= Don Pedro Island =

Island in Charlotte County, Florida, United States

Don Pedro Island is a barrier island in southwest Florida, in Charlotte County. It is just north of Little Gasparilla Island, separated by a thin strip of beach and mangrove swamp. It lies west of the census-designated place Rotonda West, separated by a narrow channel.

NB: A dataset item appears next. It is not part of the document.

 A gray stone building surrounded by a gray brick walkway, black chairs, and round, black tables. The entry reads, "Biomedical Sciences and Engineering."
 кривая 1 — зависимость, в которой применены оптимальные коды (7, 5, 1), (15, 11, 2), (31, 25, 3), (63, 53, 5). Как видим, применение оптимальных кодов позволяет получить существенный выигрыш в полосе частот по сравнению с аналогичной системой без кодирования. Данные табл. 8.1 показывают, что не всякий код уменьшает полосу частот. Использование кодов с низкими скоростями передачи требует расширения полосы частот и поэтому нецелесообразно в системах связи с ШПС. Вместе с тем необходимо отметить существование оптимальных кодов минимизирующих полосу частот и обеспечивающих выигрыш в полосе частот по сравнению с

Don Pedro Island is part of the archipelago of islands which include Little Gasparilla Island, Knight Island and Thornton Key. The islands are often referred to as Palm Island due to the resort on the northern part of the archipelago. These islands were originally separated by narrow inlets that ran from the gulf to the intracoastal channel, which separates them from the mainland. As a result of beach replenishment projects, these inlets have been closed off with the formation of a continuous beach that now connects them. This archipelago which now resembles one island is separated from Stump Pass Beach State Recreation Area by Stump Pass to the north. It borders the Gulf of Mexico to the west. Don Pedro Island State Park is located on the island.

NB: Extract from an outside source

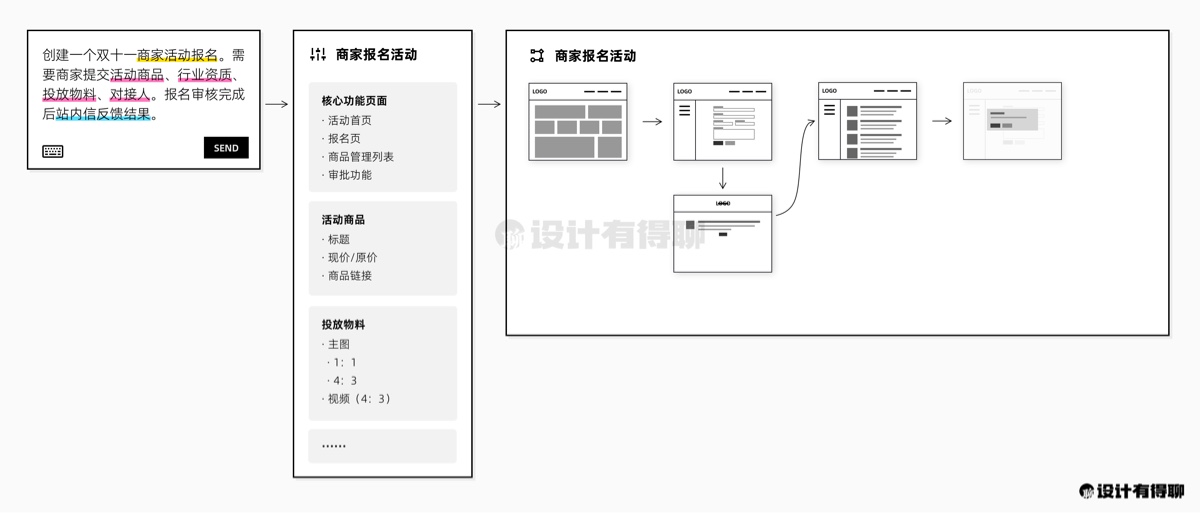早期在与玉伯的沟通中,我们就曾讨论到是否可以进一步将业务模块、流程进行封装,提供可控的配置能力来让产品、运营在语雀中写 PRD 的同时来自行生产页面,也就是通过自然语言来让机器进行设计。
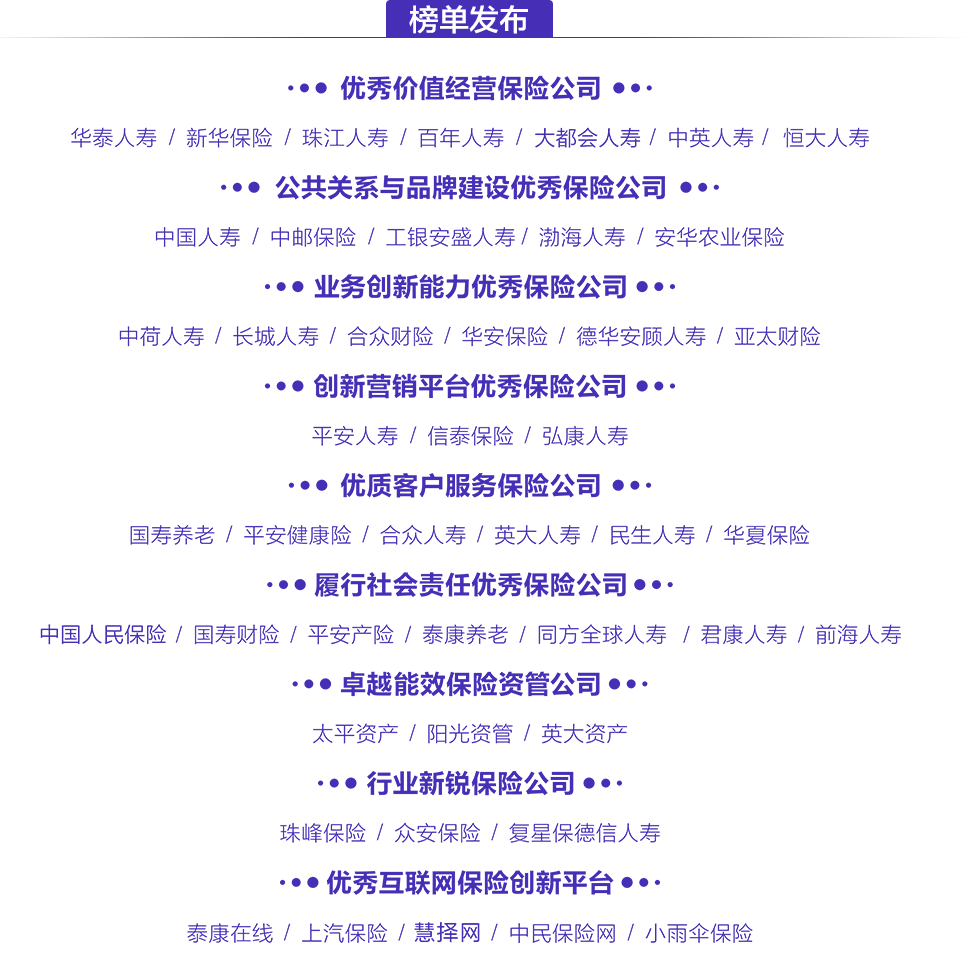 本次評(píng)選將秉持客觀真實(shí)、公正透明、范圍廣泛的原則,以“第5個(gè)保險(xiǎn)公眾宣傳日”活動(dòng)為契機(jī),再次將視角聚焦于新生態(tài)環(huán)境下中國保險(xiǎn)業(yè)最具經(jīng)營(yíng)智慧的風(fēng)云企業(yè),力求準(zhǔn)確把握保險(xiǎn)風(fēng)云脈絡(luò)。榜單以壽險(xiǎn)、產(chǎn)險(xiǎn)、資管為經(jīng)度,以經(jīng)營(yíng)理念、品牌建設(shè)、業(yè)務(wù)創(chuàng)新、客戶服務(wù)、償付能力、社會(huì)責(zé)任、資管能效為緯度來設(shè)置獎(jiǎng)項(xiàng)。

There is no bridge to the island. It is only accessible by boat or car ferry. There are many private residences on the island and much of the island is taken up by the Palm Island Resort. There is only one restaurant on Don Pedro, Rum Bay Restaurant, located on the north end of the island. The only small general store on the island is located on the first floor directly below the Rum Bay restaurant.

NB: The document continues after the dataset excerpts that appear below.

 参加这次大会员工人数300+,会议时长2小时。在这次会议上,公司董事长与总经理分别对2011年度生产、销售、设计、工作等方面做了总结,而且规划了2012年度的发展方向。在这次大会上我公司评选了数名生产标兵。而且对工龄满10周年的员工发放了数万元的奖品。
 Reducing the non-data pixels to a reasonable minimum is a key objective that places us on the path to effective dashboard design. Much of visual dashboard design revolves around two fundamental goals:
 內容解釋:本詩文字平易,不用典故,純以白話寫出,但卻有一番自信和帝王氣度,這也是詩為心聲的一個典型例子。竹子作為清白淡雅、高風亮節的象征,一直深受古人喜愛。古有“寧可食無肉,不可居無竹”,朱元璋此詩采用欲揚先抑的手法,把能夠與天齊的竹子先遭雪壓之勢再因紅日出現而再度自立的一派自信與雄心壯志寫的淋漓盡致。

The island has an abundance of wildlife. There are a number of indigenous gopher turtles, snakes and rabbits. There is also quite a variety of birds including osprey, pelicans, great blue herons, frigate birds, woodpeckers and owls. The beaches are well known for their abundance of shark teeth and shells.

== History ==
For thousands of years Native Americans lived in and around Charlotte Harbor. During the 1700s and 1800s, Spanish fishermen fished the area waters.

After years of changing ownership, Don Pedro Island was sold to Cavanaugh Community Corp. in 1969. They built the pavilion and docks on the southeastern portion of the island.

In 1985, the property was purchased by the state. The Don Pedro Land Base, acquired in 1999, adds 100 acres of recreational opportunities to the park.